There are also trust issues the other way. I've seen a lot of contention between developers and security teams and marketing about putting third party code or proxying third party domains on the first party site for analytics, tracking, ad attribution, etc.
There's all kinds of cryptography available for solving trust problems. I guarantee you that within six months of third party cookies being removed someone will have built an impression signing system that is satisfactory to both the ad companies and the server owners.
I doubt that. Their script could as well be "fetch that script from that URL and run it". They would have fraud detections already in place on their side regardless of which script runs on the client.
but this request could be faked, if the first party wanted to fake the traffic (for example, to make ad revenue). This third party cookie is what prevents this faking at this moment.
That's vastly more expensive, though. Now you have to run extra servers to make outbound connections to the ad tracker's API server instead of turfing off all the work to visitors. It would be enough to significantly affect the ad market.
I don't think it's that expensive to do. All it takes is one well written package that is easy to install and this will be come standard.
I could even see a data broker centralizing this and distributing tracking to all of their clients. The client would just need to communicate with the central broker, which is not hard at all.
You also get to do it on your fast cloud backend infrastructure instead of the end-users home computer and ISP. They will appreciate the increase in page load speed and overall responsiveness, and as a bonus they can't use ad blockers or hostfile tricks anymore.
Embedding 3rd party JS as first party is a security nightmare or a wet dream for malvertising and already here, eg. via extra DNS records lifting ad servers into the first party.
I think many adtech companies (at least in affiliate marketing) use redirects because third party cookies are unreliable and redirects make all the cookies first party. As mentioned elsewhere, they’ve also been switching to proxies and other such techniques to make it even harder to block their tracking endpoints.
> include the script on their web server, so their cookies become "first party" again.
That script would execute with the origin of the server. It's access to resources and /shared state/ would be hampered by this. So as a cross-site tracking strategy I don't think this works.

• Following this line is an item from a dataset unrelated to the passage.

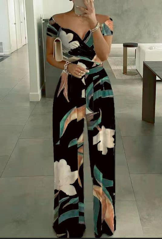 Tenue estivale élégante pour femme avec pantalon bouffant et chemisier boutonné à manches longues

> I don't understand how this helps the web unless protections against tracking itself, not the methods used, are established.
Which is why I think state partitioning[0] and CHIPs[1] are good technologies. It allows previously existing standards, like cookies, to continue to exist and function mostly as expected, but provides the user a good amount of default security against cross site trackers and other malware.
Your point is pretty useless, as you assume the web server admins want to be more secure. The opposite is the case, usually they deliberately open up their security model to accomodate 3rd party tracking scripts. For example, Content-Security-Policy headers can effectively prevent all sorts of xss attacks, but they will also prevent 3rd party tracking scripts etc.
You've misunderstood my point. It's not what the server admins want it's what the security policy will allow. If two sites, on two different domains, both use the same script, served directly from their domains, it creates absolutely no workaround for third party cookies. This is because the two sites have different origins. CSP does not create a bypass in this case.
This doesn’t actually help. If you consider Prebid, Criteo already has js running on the site serving the ads, but that js has no mechanism to figure out whether the user has something in their cart and is eligible for retargeting.
The workaround is looking more and more like IP, fingerprinting, and AI. I’d argue this is worse than 3p cookies, which were at least dumb and easy to clear.
Proxies for analytics are already a thing. E.g. plausable shows you how to set one up. A 3rd party cookie can however be the same value sent again and again from the same browser from different sites to the central server tracking you across the web. The global who you are is in the cookie.